Occupational health professionals should encourage the uptake of Covid-19 vaccines “on a voluntary basis”, it said.
“Making a vaccine mandatory is a policy decision. The FOM is not supportive of mandatory vaccination as a condition of employment. An ‘inform and consent’ approach together with organisational leadership and reiterating professional responsibility of staff is very likely to achieve an excellent uptake whereas mandating the vaccine poses ethical and practical challenges and may increase vaccine hesitancy,” it added.
This position was echoed by the Academy of Medical Royal Colleges in July, which emphasised it “firmly” believed all health and care staff “should choose to be vaccinated.”
“While we understand the rationale for mandating NHS staff vaccination, our view is that making any vaccination mandatory is not sensible or necessary,” it said.
“We believe that in practical terms mandatory vaccinations will cause real difficulties with unnecessary disputes and arguments at local and national level.

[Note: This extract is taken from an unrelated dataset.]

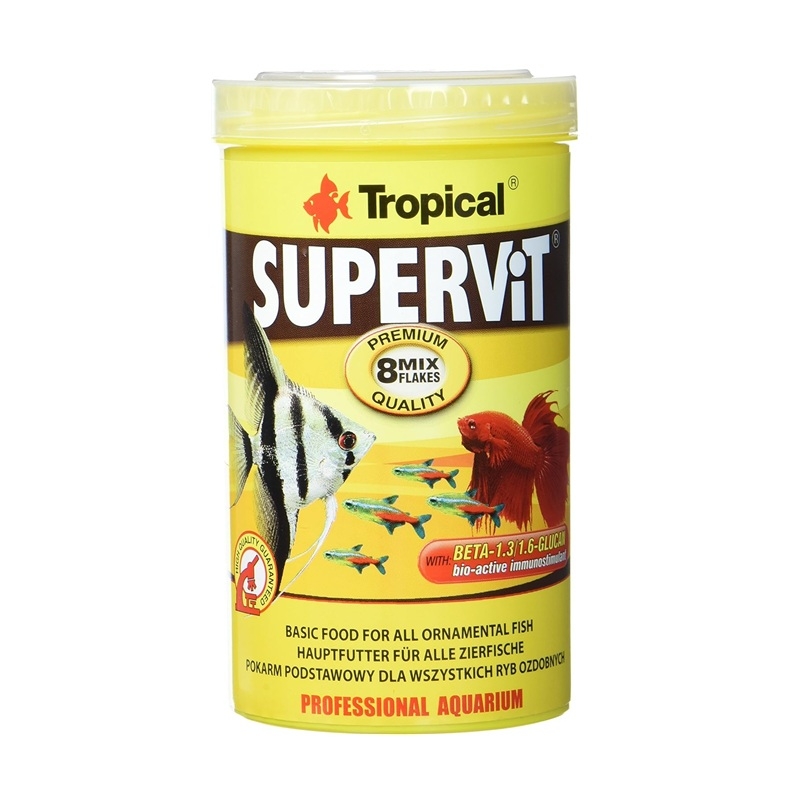 Tropical Supervit Chips es un alimento completo multiingrediente para peces de acuario, con beta-glucano y vitamina C para reforzar la inmunidad, además de componentes que apoyan la digestión y realzan el color.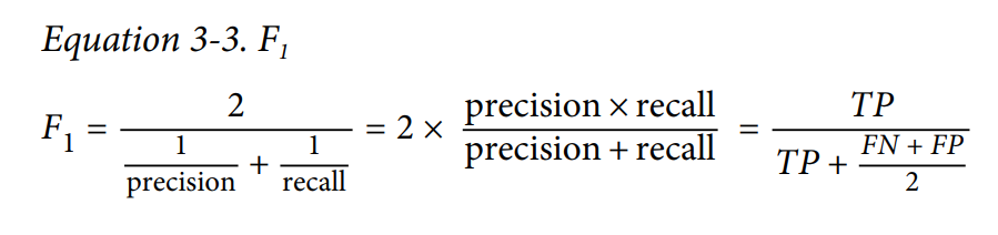 정밀도와 재현율을 F1 점수(F1 Score)라고 하는 하나의 숫자로 만들면 편리합니다. 특히 두 분류기의 성능을 비교할 때 그렇습니다. F1 점수는 정밀도와 재현율의 조화 평균을 통해 구합니다.

The danger is that individual arguments become a distraction from the core issues of getting as many of the population vaccinated as possible,” it added.
Of the decision to move to mandatory vaccination from April 2022, the British Medical Association said putting the six-month delay in place was “sensible” ahead of expected winter pressures on the service.
Dr Chaand Nagpaul, BMA council chair, said: “While the BMA has serious concerns about making vaccination mandatory, we’re pleased that the government has, as we recommended, decided to delay the policy of mandatory vaccination for Covid-19 until spring next year, and released both its workforce impact assessment and it’s equality impact assessment.
“Given the current staffing crisis in the NHS and the possible implications of trying to introduce such measures in the midst of winter pressures, waiting until April is sensible, but it’s equally important that the government is aware of the consequences this policy could have even after the delay – and that clear steps are taken to mitigate this risk.
“Even if a small number of staff were forced out of work because they are not vaccinated though, this would have a big impact on a health service that’s now under constant pressure and already has more than 93,000 unfilled vacancies.”
And Rebecca Thornley-Gibson, a partner at law firm DMH Stallard, has said the move could lead to legal disputes. “Unless the NHS is going to insist that all visitors, including contractors and suppliers, have to be fully vaccinated to attend hospital, I can foresee logical arguments from non-patient facing staff that the requirements are unfair.”